Public Member Functions

 __construct (array $options=[])
 
 assemble (array $urlParts)
 This function will reassemble a URL parsed with parse(). More...
 
 expand (string $url, $defaultProto=PROTO_FALLBACK)
 Expand a potentially local URL to a fully-qualified URL. More...
 
 expandIRI (string $url)
 Take a URL, make sure it's expanded to fully qualified, and replace any encoded non-ASCII Unicode characters with their UTF-8 original forms for more compact display and legibility for local audiences. More...
 
 getServer ( $proto)
 Get the wiki's "server", i.e. More...
 
 matchesDomainList (string $url, array $domains)
 Check whether a given URL has a domain that occurs in a given set of domains. More...
 
 parse (string $url)
 parse_url() work-alike, but non-broken. More...
 
 removeDotSegments (string $urlPath)
 Remove all dot-segments in the provided URL path. More...
 
 validAbsoluteProtocols ()
 Like validProtocols(), but excludes '//' from the protocol list. More...
 
 validProtocols ()
 Returns a regular expression of recognized URL protocols. More...
 

Public Attributes

const CANONICAL_SERVER = 'canonicalServer'
 
const FALLBACK_PROTOCOL = 'fallbackProtocol'
 
const HTTPS_PORT = 'httpsPort'
 
const INTERNAL_SERVER = 'internalServer'
 
const SERVER = 'server'
 
const VALID_PROTOCOLS = 'validProtocols'
 

Detailed Description

A service to expand, parse, and otherwise manipulate URLs.

Since
1.39
Stability: newable

Definition at line 17 of file UrlUtils.php.

Constructor & Destructor Documentation

◆ __construct()

MediaWiki\Utils\UrlUtils::__construct ( array  $options = [])
Stability: stable
to call
Parameters
array$optionsAll keys are optional, but if you omit SERVER then calling expand() (and getServer(), expandIRI(), and matchesDomainList()) will throw. Recognized keys:
  • self::SERVER: The protocol and server portion of the URLs to expand, with no other parts (port, path, etc.). Example: 'https://example.com'. Protocol-relative URLs are allowed.
  • self::CANONICAL_SERVER: If SERVER is protocol-relative, this can be set to a fully-qualified version for use when PROTO_CANONICAL is passed to expand(). Defaults to SERVER, with 'http:' prepended if SERVER is protocol-relative.
  • self::INTERNAL_SERVER: An alternative to SERVER that's used when PROTO_INTERNAL is passed to expand(). It's intended for sites that have a different server name exposed to CDNs. Defaults to SERVER.
  • self::FALLBACK_PROTOCOL: Used by expand() when no $defaultProto parameter is provided. Defaults to 'http'. The instance created by ServiceWiring sets this to 'https' if the current request is detected to be via HTTPS, and 'http' otherwise.
  • self::HTTPS_PORT: Defaults to 443. Used when a protocol-relative URL is expanded to https.
  • self::VALID_PROTOCOLS: An array of recognized URL protocols. The default can be found in MainConfigSchema::UrlProtocols['default'].

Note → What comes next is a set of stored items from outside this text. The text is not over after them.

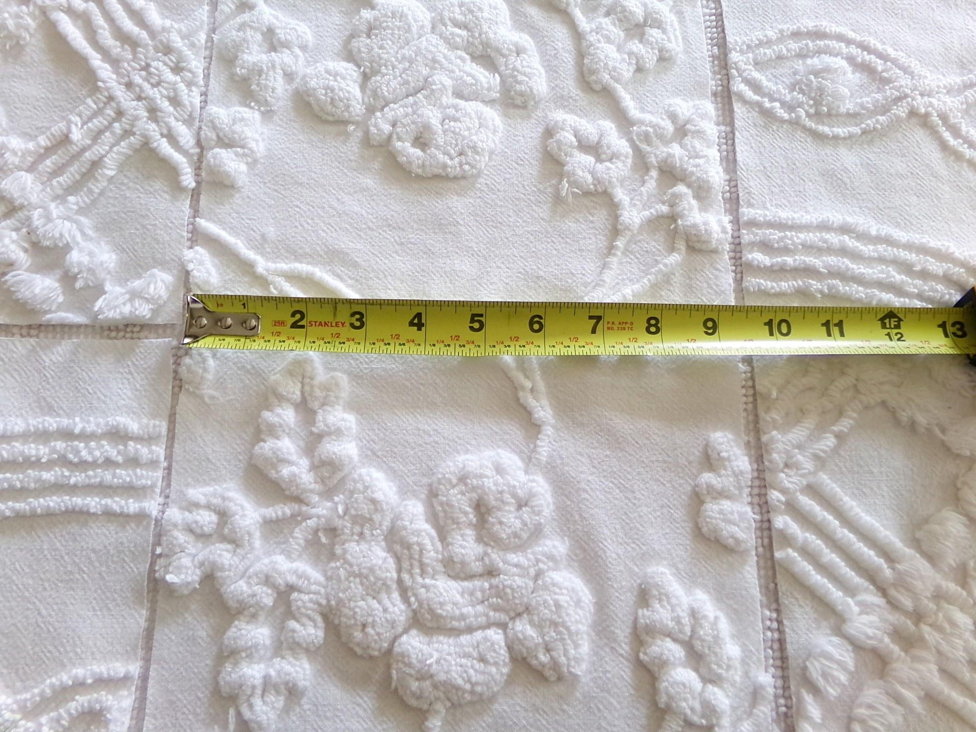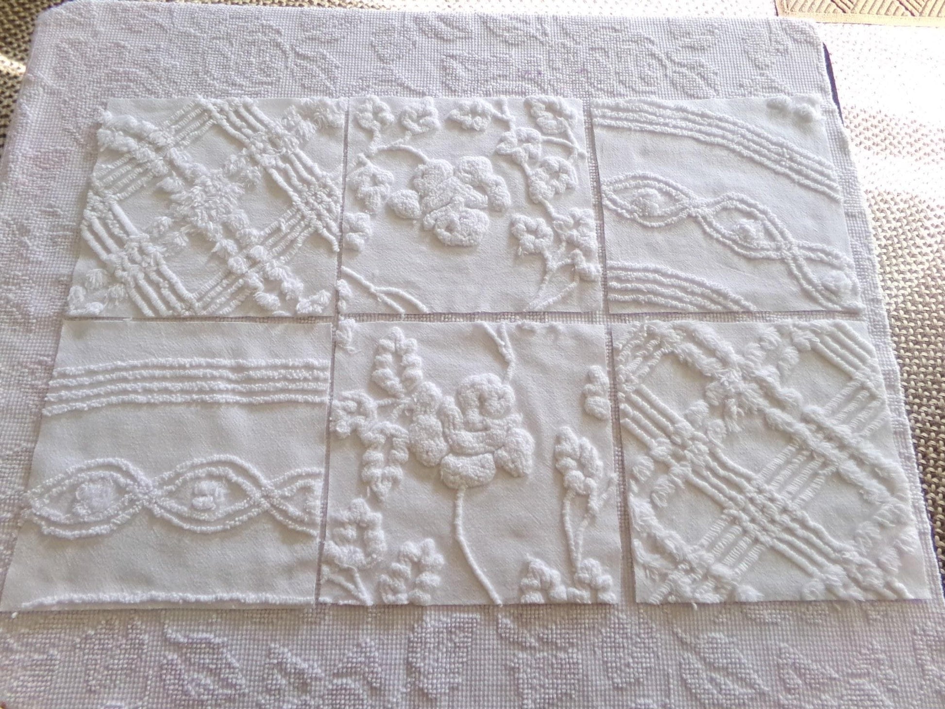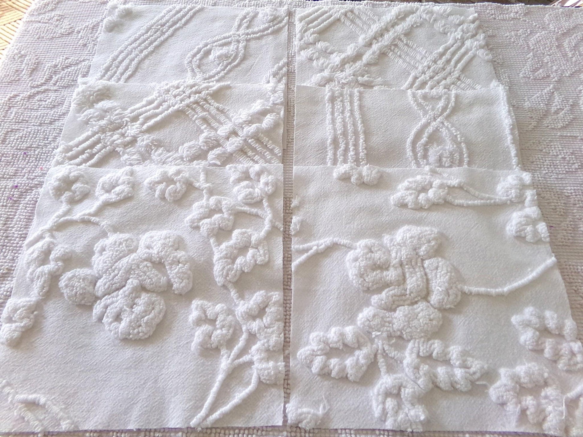 I selected classic, all white chenille fabrics to assemble this set of beautiful quilt blocks, which measure about 9.5" x 9.5" square each. Included are two exquisite tufted rose squares which lend timeless elegance to any creative project. A versatile set of chenille fabric squares, in a nice larger size versus the smaller 6" squares we typically offer.::total qty: 6 vintage chenille quilt squares
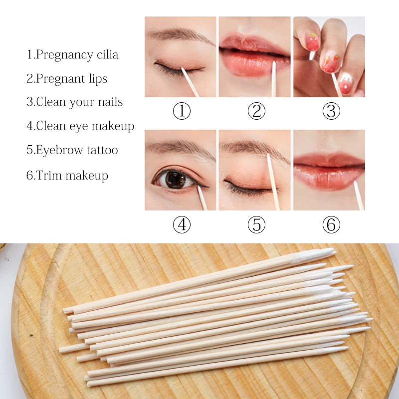 200 шт одноразовые ультра-маленькие деревянные Хлопковые Тампоны без ворса, Микро Кисти для наращивания ресниц, инструменты для снятия клея
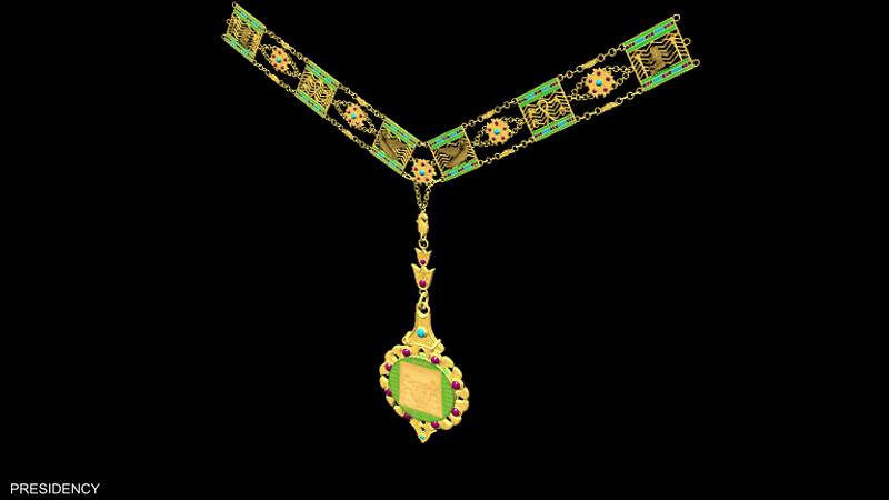 وتتوسط القلادة حلية دائرية تمثل رمز النيل الموحد بين الشمال والجنوب، حيث يرمز البردي للشمال واللوتس للجنوب، في دلالة على وحدة مصر منذ آلاف السنين.
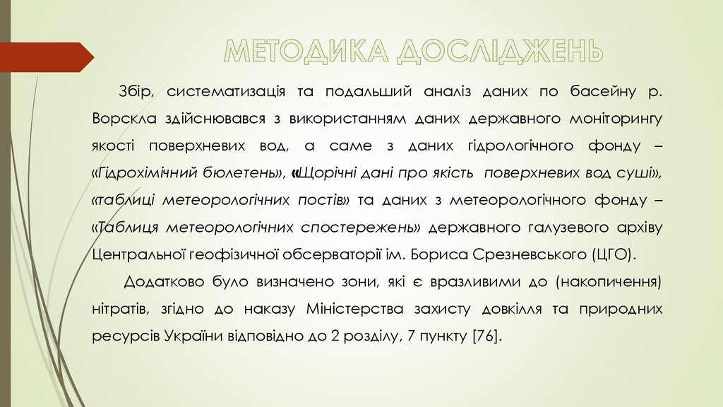 МЕТОДИКА ДОСЛІДЖЕНЬЗбір, систематизація та подальший аналіз даних по басейну р.
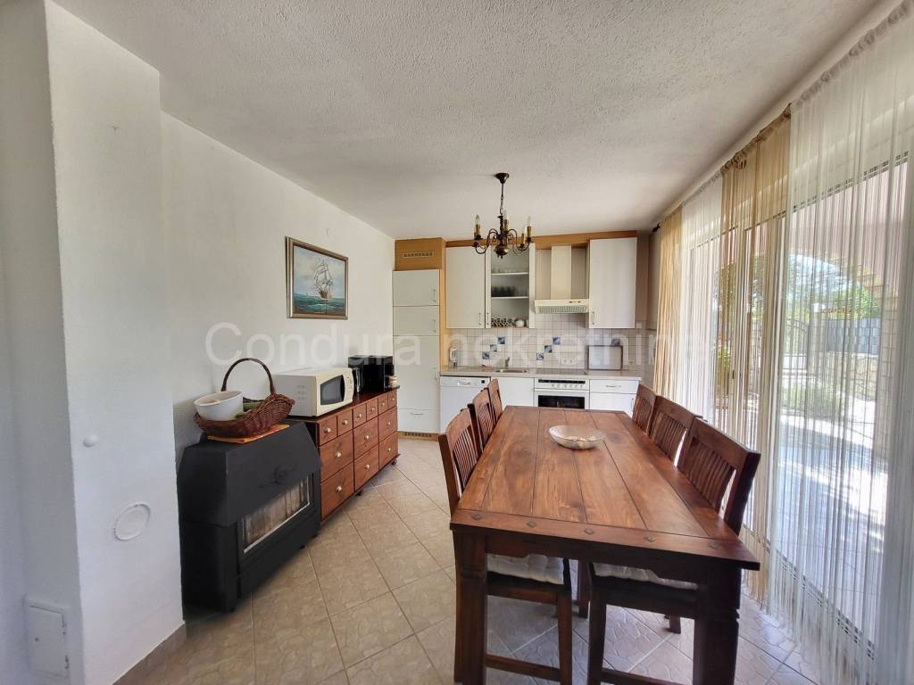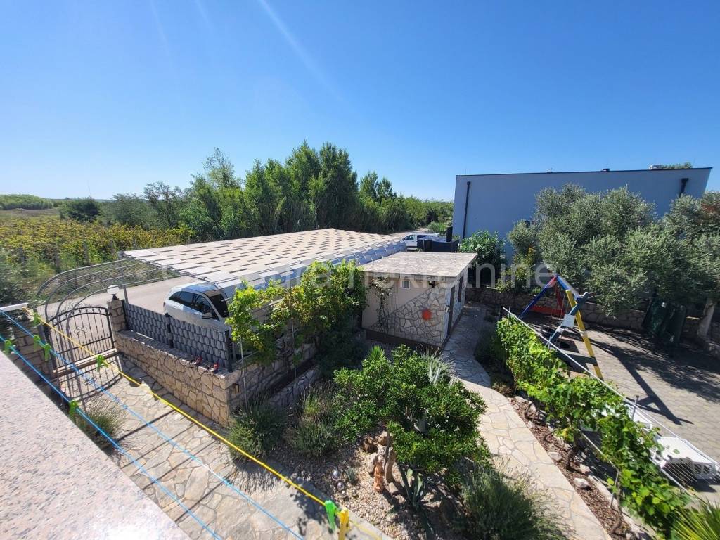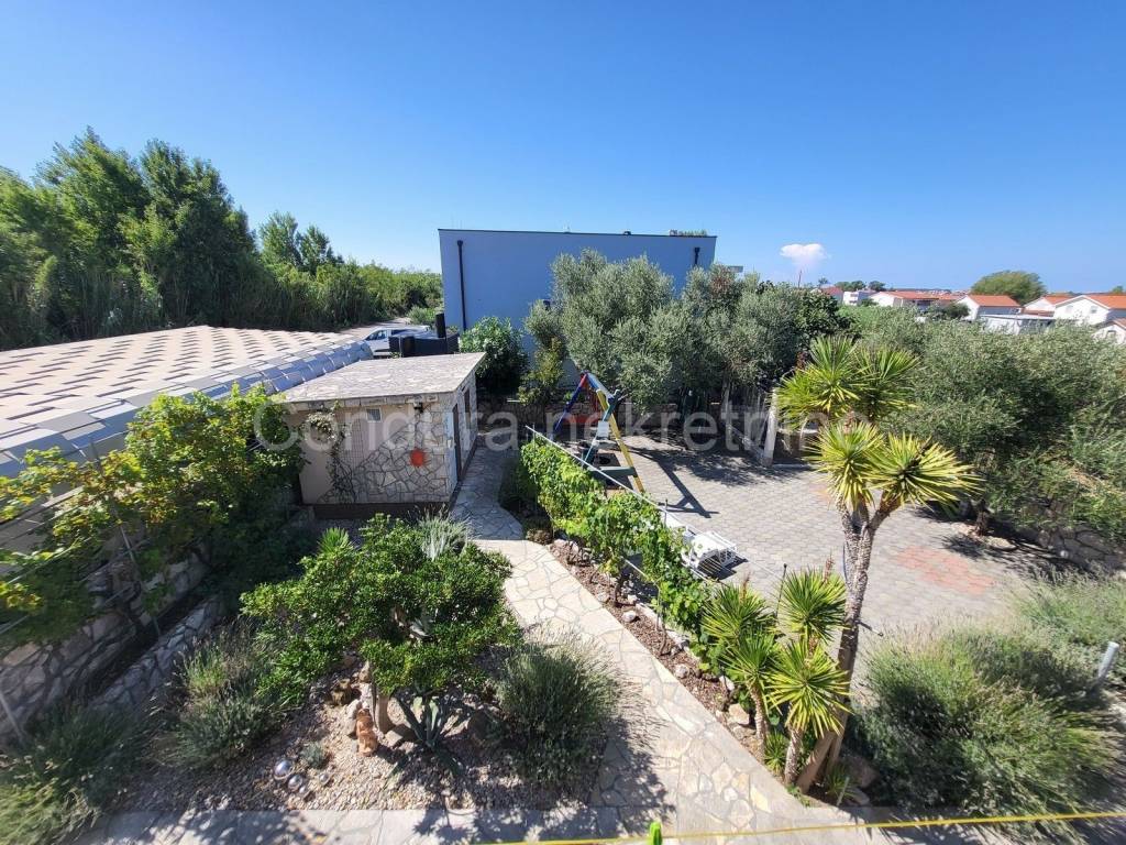 Der Garten ist wunderschön mit einheimischen Pflanzen und Vegetation gestaltet, spendet natürlichen Schatten und wird sorgfältig gepflegt. Er bietet Bereiche zum geselligen Beisammensein, Entspannen und Spielen für Kinder. Er ist mit Benkovac-Stein gepflastert und von einer Steinmauer umgeben. Der Garten verfügt über einen größeren und einen kleineren Abstellraum, eine Außendusche und einen in Betrieb befindlichen Brunnen. Direkter Zugang von der öffentlichen Straße zum eingezäunten und überdachten Parkplatz.
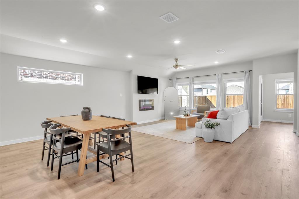 Better than new! Barely lived in 1 story home and an absolutely gorgeous open space concept home. 4 beds, 3 bath house and plenty of common space for gatherings. Huge island with seating in the kitchen. Tons of cabinets and meal prep space and a huge pantry. Beautiful electric fireplace in the living and lots of natural light. Sturdy LVP flooring. Nice backyard with a covered patio and the HOA is loaded with amenities such as pool, clubhouse, basketball court, dog park, playgrounds for the kids, neighborhood gym, and more. Tankless water heater. EV charger included in garage. 5 min from Princeton and 15 min from 380 and US-75. McKinney ISD.
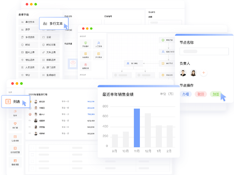 - 敏捷构建:无需深厚代码基础,通过可视化拖拽、配置化组件,快速搭建贴合南京银行具体需求的管理应用(如OKR跟踪平台、安全检查系统、工会审批流程等)。
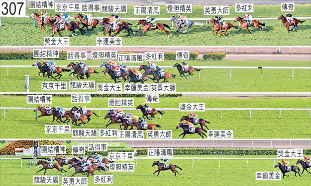 「團結精神」於起步時向外斜跑,碰撞「幸運美金」。「傳奇」自外檔出閘後於早段收慢,在馬群之後切入以取得遮擋。接近九百米處轉彎時,「幸運美金」將頭轉側及向著「獎金大王」的後蹄外閃。跑過九百米處時,「正陽清風」一度靠近「幸運美金」的後蹄處於窘境。「燈胆精英」受困而未能望空直至接近三百米處。過了三百米處後,「英勇大師」向外斜跑,碰撞「幸運美金」。趨近一百米處時,「傳奇」向外移出避開「話得事」的後蹄以繼續上前。「傳奇」其後於末段在「燈胆精英」內側緊迫競跑。「話得事」於直路上全程未能望空,因而未能施為。「獎金大王」沿途在沒有遮擋下走外疊,直路上墮退。被查詢時,巴度表示,「勇者勝」於早段及中段前肢動作感覺十分僵硬。他說,他於起步後不久嘗試催策坐騎上前以佔取較接近馬群的位置,因為坐騎於早段被拋離。「勇者勝」儘管受催策,但未能推進,直至入直路後很久其動作才開始放鬆起來。他又說,「勇者勝」於直路較後段略為追前,但仍居包尾位置過終點。獸醫於賽後立即檢查「勇者勝」,並無發現任何明顯異常之處,但由於該駒煩躁不安,因而未能替牠進行內窺鏡檢查。「勇者勝」大部分途程被拋離,小組認為該駒的表現難以接受。「勇者勝」必須試閘及格,並且通過獸醫檢驗後,才可再次出賽。獸醫於賽後立即檢查「正陽清風」,並無發現任何明顯異常之處,但由於該駒煩躁不安,因而未能替牠進行內窺鏡檢查。獸醫於賽後立即檢查「幸運美金」,證實該駒患有「喘鳴症」,而該駒過往亦有此毛病報告。賽後,獸醫應練馬師沈集成的要求替「競駿天驕」進行內窺鏡檢查。獸醫報告,是項檢查顯示該駒的氣管內有很多血。「競駿天驕」必須通過獸醫檢驗後,才可再次出賽。「競駿天驕」及「團結精神」均須抽取樣本檢驗。
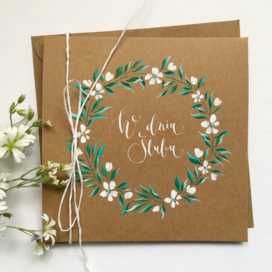 ślubna, na papierze kraft, malowane kwiaty, kaligrafowana, oryginalna
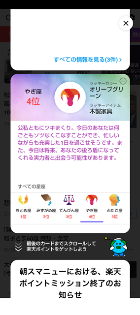 スマートニュースが毎朝送ってくる占い、ランキング適当だろ絶対(逝)
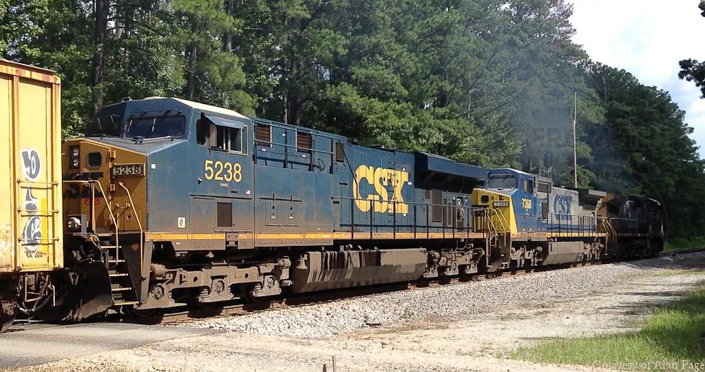 CSX C40-8W's 7706 and 7368 (CR 6217), and ES40DC 5238 head southbound past N.E. Aberdeen signal in Tyrone, GA on August 3, 2014.
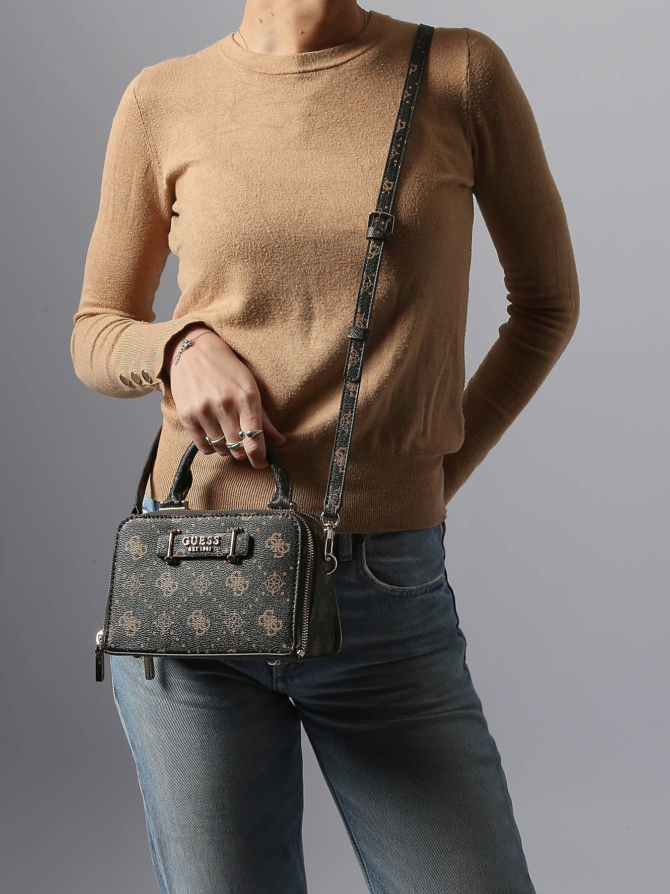 De Guess Silia handtas combineert elegantie en praktisch gebruik in een modern en functioneel ontwerp. Gemaakt van duurzaam gecoat canvas, overtuigt hij door zijn verzorgde afwerking en verfijnde stijl. De veelzijdige vorm maakt dubbel dragen mogelijk: in de hand dankzij het handvat van 8 cm, of crossbody voor een meer casual look, met een verstelbare en afneembare schouderriem die optimaal comfort biedt. De ritssluiting zorgt voor veilige opberging van je persoonlijke spullen, terwijl een voorvak en een achtervak extra praktische opbergruimte bieden. Binnenin maken vier ruime compartimenten, een ritsvak en drie vakjes voor bankkaarten het mogelijk je essentials efficiënt te organiseren. Elegant, functioneel en modern, is de Guess Silia handtas het ideale accessoire voor de actieve vrouw die dagelijks stijl en praktisch gebruik wil combineren.
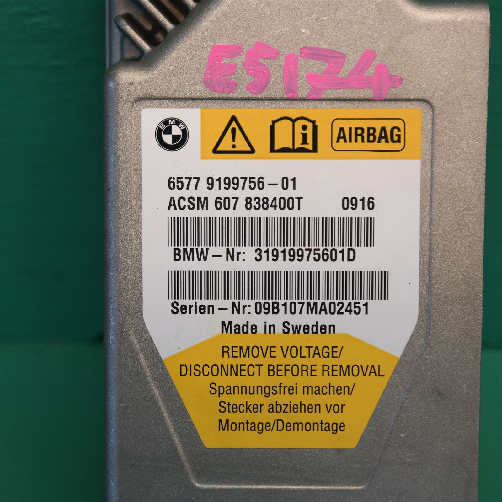 AIRBAG MODULE/SENSOR F01 P/N 9.199.756

Definition at line 69 of file UrlUtils.php.

References MediaWiki\Utils\UrlUtils\CANONICAL_SERVER, MediaWiki\Utils\UrlUtils\expand(), MediaWiki\Utils\UrlUtils\FALLBACK_PROTOCOL, MediaWiki\Utils\UrlUtils\HTTPS_PORT, MediaWiki\Utils\UrlUtils\INTERNAL_SERVER, PROTO_HTTP, MediaWiki\Utils\UrlUtils\SERVER, and MediaWiki\Utils\UrlUtils\VALID_PROTOCOLS.

Member Function Documentation

◆ assemble()

MediaWiki\Utils\UrlUtils::assemble ( array  $urlParts)

This function will reassemble a URL parsed with parse().

This is useful if you need to edit part of a URL and put it back together.

This is the basic structure used (brackets contain keys for $urlParts): [scheme][delimiter][user]:[pass]@[host]:[port][path]?[query]#[fragment]

Todo:
Need to integrate this into expand() (see T34168)
Parameters
array$urlPartsURL parts, as output from parse()
Returns
string URL assembled from its component parts

Definition at line 218 of file UrlUtils.php.

◆ expand()

MediaWiki\Utils\UrlUtils::expand ( string  $url,
  $defaultProto = PROTO_FALLBACK 
)

Expand a potentially local URL to a fully-qualified URL.

The meaning of the PROTO_* constants is as follows: PROTO_HTTP: Output a URL starting with http:// PROTO_HTTPS: Output a URL starting with https:// PROTO_RELATIVE: Output a URL starting with // (protocol-relative URL) PROTO_FALLBACK: Output a URL starting with the FALLBACK_PROTOCOL option PROTO_CURRENT: Legacy alias for PROTO_FALLBACK PROTO_CANONICAL: For URLs without a domain, like /w/index.php, use CANONICAL_SERVER. For protocol-relative URLs, use the protocol of CANONICAL_SERVER PROTO_INTERNAL: Like PROTO_CANONICAL, but uses INTERNAL_SERVER instead of CANONICAL_SERVER

Todo:
this won't work with current-path-relative URLs like "subdir/foo.html", etc.
Exceptions
BadMethodCallExceptionif no server was passed to the constructor
Parameters
string$urlEither fully-qualified or a local path + query
string | int | null$defaultProtoOne of the PROTO_* constants. Determines the protocol to use if $url or SERVER is protocol-relative
Returns
?string Fully-qualified URL, current-path-relative URL or null if no valid URL can be constructed

Definition at line 118 of file UrlUtils.php.

Referenced by MediaWiki\Utils\UrlUtils\__construct().

◆ expandIRI()

MediaWiki\Utils\UrlUtils::expandIRI ( string  $url)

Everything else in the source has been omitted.